Fry has friends who decided to stay in New Orleans. She said they have gathered together, in commune fashion, at a residence with a pool that they treated with large amounts of chlorine tablets. They use that water for cleaning, and were given drinking water and food by the National Guard, she reported.
“I’m not sure how accurate these reports of forced evacuations are,” Fry said.
She talked to her friends that remained in New Orleans a few days ago, and they told her they were walking the streets with the National Guard Units, helping them to clean debris.

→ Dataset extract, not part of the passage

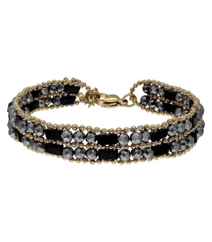 Pulsera Acero Dorado Liska Mujer SHA191 Piedras Naturales Negras
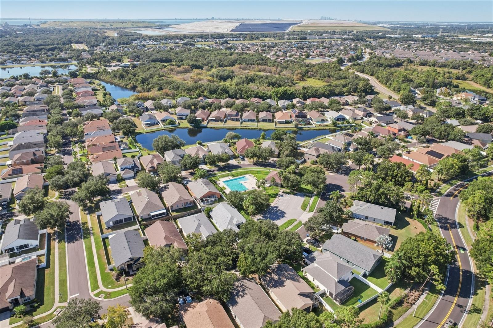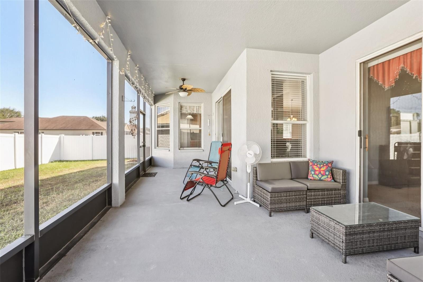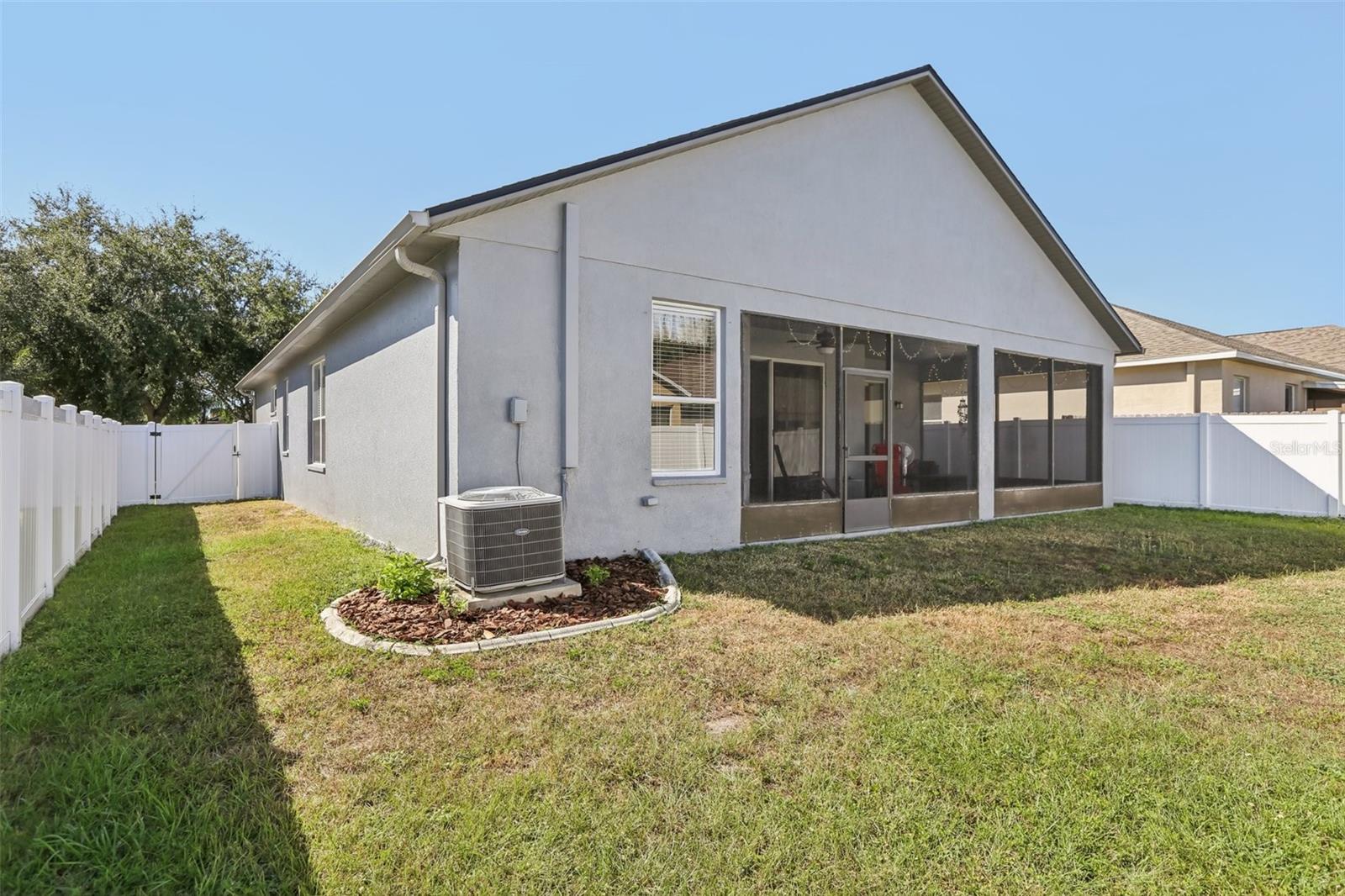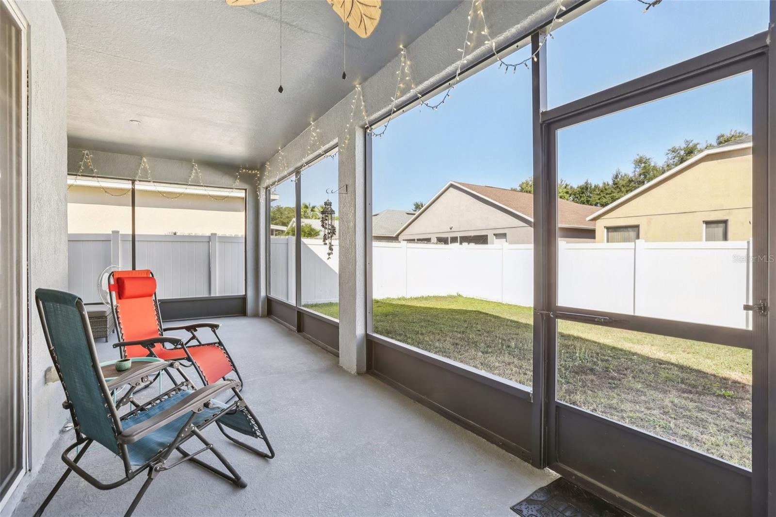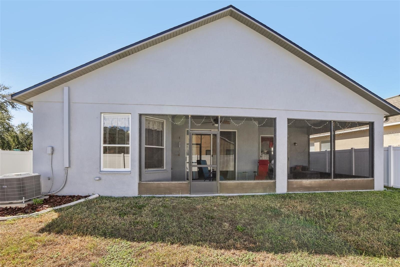 Welcome Home! Enter Your Welcoming Foyer into this open floor plan home situated in the quiet and highly desirable Amberly neighborhood of Oak Creek In Riverview. To your right are two spacious bedrooms sharing a full hall bath featuring a tiled tub/shower combination and a transom window for natural light and privacy. Across the Foyer is the conveniently located laundry room and leads to the 2 car garage. Continue into the spacious Great Room adjacent to the Kitchen and "L" shaped separate dinning area. The kitchen features a large eat-in area with Bay windows overlooking the fully fenced backyard. Exit the Great Room through sliding doors into the large screened in lanai offering a wonderful gathering area also adjacent to the Kitchen for ease of entertaining guests. To the left of the Great Room is the Primary Suite, which features sliding glass doors also leading to the lanai. The en-suite bathroom features a large walk-in closet, linen closet, separate toilet room, double sink vanity, a soaking tub and fully glass-enclosed walk-in shower. Decorative niches and Arches framing the windows and doors along with vaulted ceilings in the main living area, add a touch of elegance to this home and lets it live larger than its square footage. The fully fenced backyard and covered screened in rear lanai, offers a peaceful place to relax after a full day of activities. Other features of the home include hurricane shutters, reinforced garage door and a newer roof (2021). Current owners also added gutters on the front and sides of the home. A security system with ring camera doorbell at the front of the home provides additional piece of mind. You'll really enjoy walking to the community clubhouse and pool which is only four homes away! The great location is close to the greater Tampa Bay area, entertainment, shopping, restaurants and the beautiful Gulf beaches. Don't miss out on this opportunity to call this great house your home! Schedule your private showing today!

When asked about the controversy over the government’s slow response to the disaster, Fry’s only response was to distance herself from the debate. Fry reasons that everyone was in a state of awe, wondering what to do first. “Maybe our leaders could have moved a little faster,” she said, “but I am staying as far out of the blame game as possible. Everyone is pointing fingers,” she added, “but I don’t know were the blame lies, except with Katrina.”
Blame and accusations have little to do with the day-to-day life of surviving a disaster the magnitude of which Katrina visited on the place that Fry and her family still calls home. It is more about looking ahead, she insists, and about being thankful for what they do have, and the way people have pitched in to help.
Fry worries when she watches news reports on the plight of some victims of Katrina.
She said it’s hard to see people cramped together with families, living in crowded shelters, and to see the conditions in the Astrodome and the Superdome, when they themselves have been so fortunate. Looking around the luxurious surroundings of their host hotel, Fry said she feels lucky she ended up coming to Florida, where people have the empathy to go along with the sympathy, and are going beyond the call of duty to help out.
Fry calls the assistance from the Red Cross, and from the Hyatt Regency Coconut Point Resort, nothing short of amazing. She said the hotel staff has been wonderful to them, not only donating the room they are living in temporarily, but feeding them in the employee cafeteria, providing use of a staff washer and dryer, and giving them access to all the hotel services and facilities.
“We had no idea so much help was available at first,” Fry remembers. But when they contacted the Red Cross, they were not only put up at the hotel, but given WalMart vouchers ($260 for the couple, $180 for her mother), as well as a voucher to replace Farley’s prescription glasses that had been lost, boxes of dry goods, toiletries, and clothing, as well as a $485 debit card for herself and Farley, and a $180 card for her mother. In addition, FEMA just announced Wednesday the availability of $2,000 debit cards for victims.
“We filed online for those yesterday,” she said, “but no matter how generous the help, it still might not cover the lost wages or travel.” Nor can it make up for the trauma, or the possibility that they have lost their home and everything in it.
“This is very relaxing,” Fry said, her gesture encompassing the landscaped pool and waterfall as well as the luxury hotel itself, “until we remember what is going on at home.” But with nothing left to do but play the waiting game, Fry and her family are grateful for their home away from home, and the generosity of their new Lee County neighbors.